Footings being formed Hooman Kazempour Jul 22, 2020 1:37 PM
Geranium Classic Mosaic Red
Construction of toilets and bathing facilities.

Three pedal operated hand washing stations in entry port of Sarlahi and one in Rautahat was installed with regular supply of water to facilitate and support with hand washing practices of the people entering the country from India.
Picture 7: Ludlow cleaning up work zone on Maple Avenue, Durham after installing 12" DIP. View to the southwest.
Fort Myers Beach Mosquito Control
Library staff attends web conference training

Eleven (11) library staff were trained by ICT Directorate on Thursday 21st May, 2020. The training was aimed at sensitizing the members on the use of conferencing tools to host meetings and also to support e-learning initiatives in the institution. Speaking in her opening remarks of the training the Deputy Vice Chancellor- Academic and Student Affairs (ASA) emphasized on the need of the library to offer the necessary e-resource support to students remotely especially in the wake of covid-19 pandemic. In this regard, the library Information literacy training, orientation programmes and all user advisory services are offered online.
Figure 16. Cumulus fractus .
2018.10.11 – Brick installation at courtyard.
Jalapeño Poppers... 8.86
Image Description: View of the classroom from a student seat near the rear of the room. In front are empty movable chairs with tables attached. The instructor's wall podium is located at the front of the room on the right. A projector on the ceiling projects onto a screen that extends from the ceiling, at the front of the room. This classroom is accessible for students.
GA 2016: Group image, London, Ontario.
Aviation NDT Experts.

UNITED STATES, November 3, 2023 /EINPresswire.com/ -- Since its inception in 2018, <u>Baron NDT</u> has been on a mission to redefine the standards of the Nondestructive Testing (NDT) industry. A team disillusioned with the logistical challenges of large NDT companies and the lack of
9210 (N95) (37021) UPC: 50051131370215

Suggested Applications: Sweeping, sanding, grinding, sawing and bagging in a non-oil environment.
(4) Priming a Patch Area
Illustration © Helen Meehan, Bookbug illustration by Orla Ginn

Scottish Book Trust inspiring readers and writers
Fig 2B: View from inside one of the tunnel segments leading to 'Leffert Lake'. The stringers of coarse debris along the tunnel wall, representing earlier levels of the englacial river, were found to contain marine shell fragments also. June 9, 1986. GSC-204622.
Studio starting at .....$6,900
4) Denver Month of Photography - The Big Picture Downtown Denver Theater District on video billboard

...

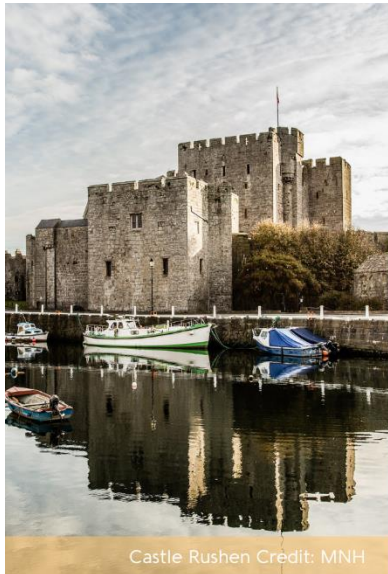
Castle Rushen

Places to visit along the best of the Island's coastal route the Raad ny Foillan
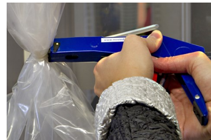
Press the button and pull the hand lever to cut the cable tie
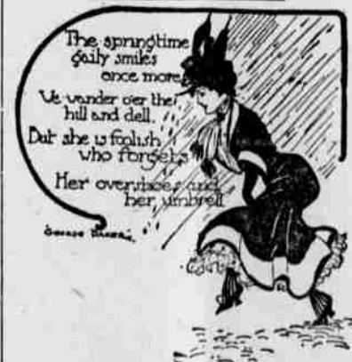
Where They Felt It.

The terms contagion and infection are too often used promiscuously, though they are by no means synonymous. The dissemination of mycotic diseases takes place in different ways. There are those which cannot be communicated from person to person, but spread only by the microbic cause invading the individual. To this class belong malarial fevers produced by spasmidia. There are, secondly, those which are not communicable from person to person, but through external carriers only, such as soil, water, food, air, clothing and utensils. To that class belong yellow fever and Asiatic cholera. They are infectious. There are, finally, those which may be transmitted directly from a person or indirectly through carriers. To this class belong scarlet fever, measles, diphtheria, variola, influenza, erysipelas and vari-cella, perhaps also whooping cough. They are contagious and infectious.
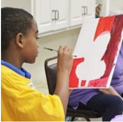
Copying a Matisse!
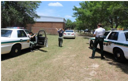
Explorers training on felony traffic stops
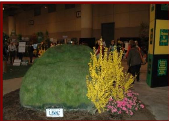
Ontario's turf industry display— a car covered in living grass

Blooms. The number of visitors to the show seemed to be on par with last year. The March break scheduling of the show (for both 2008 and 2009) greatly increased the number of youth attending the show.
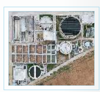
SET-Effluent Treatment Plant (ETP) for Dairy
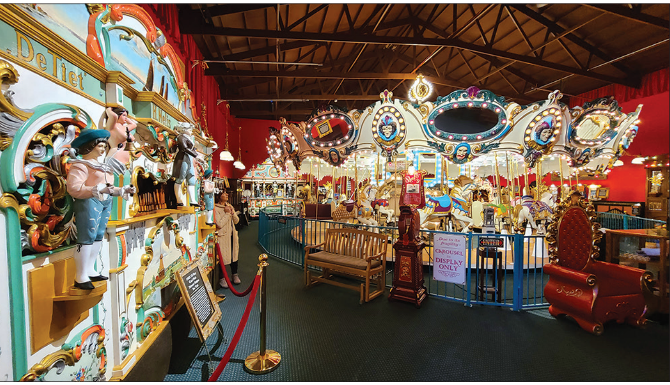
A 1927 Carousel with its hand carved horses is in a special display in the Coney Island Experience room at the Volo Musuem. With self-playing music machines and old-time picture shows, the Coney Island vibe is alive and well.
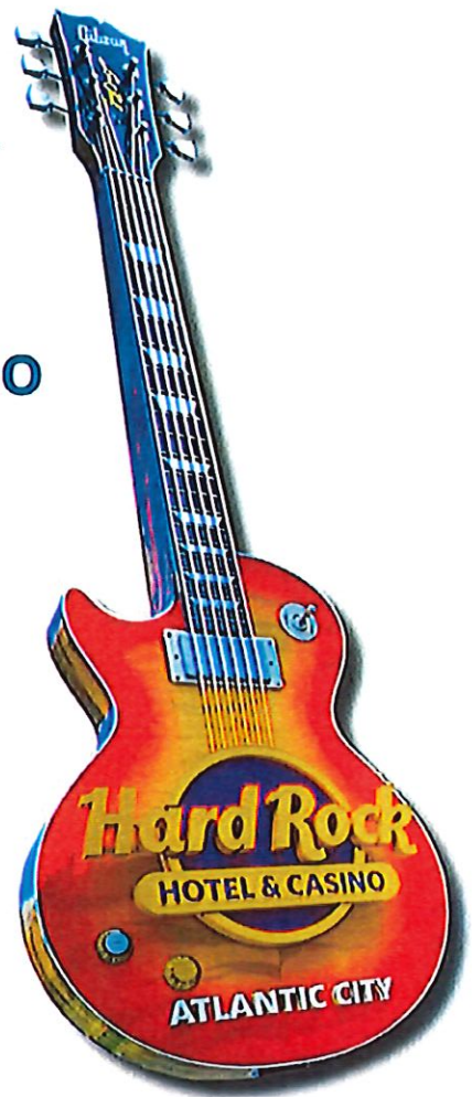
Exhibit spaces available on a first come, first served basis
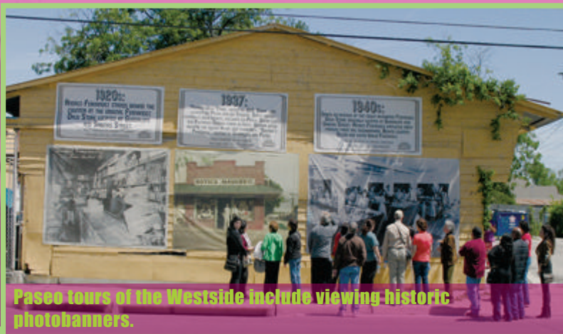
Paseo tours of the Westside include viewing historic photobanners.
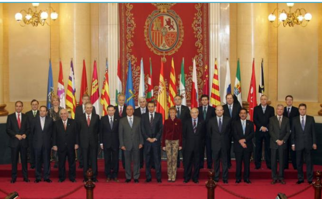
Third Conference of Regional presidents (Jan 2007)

What is needed:
Pictures aside, return exactly the lines from the data above, starting at the line that has "Ontario's turf industry" and ending at the line that has "A 1927 Carousel", both included.

Expected answer:
Ontario's turf industry display— a car covered in living grass

Blooms. The number of visitors to the show seemed to be on par with last year. The March break scheduling of the show (for both 2008 and 2009) greatly increased the number of youth attending the show.
SET-Effluent Treatment Plant (ETP) for Dairy
A 1927 Carousel with its hand carved horses is in a special display in the Coney Island Experience room at the Volo Musuem. With self-playing music machines and old-time picture shows, the Coney Island vibe is alive and well.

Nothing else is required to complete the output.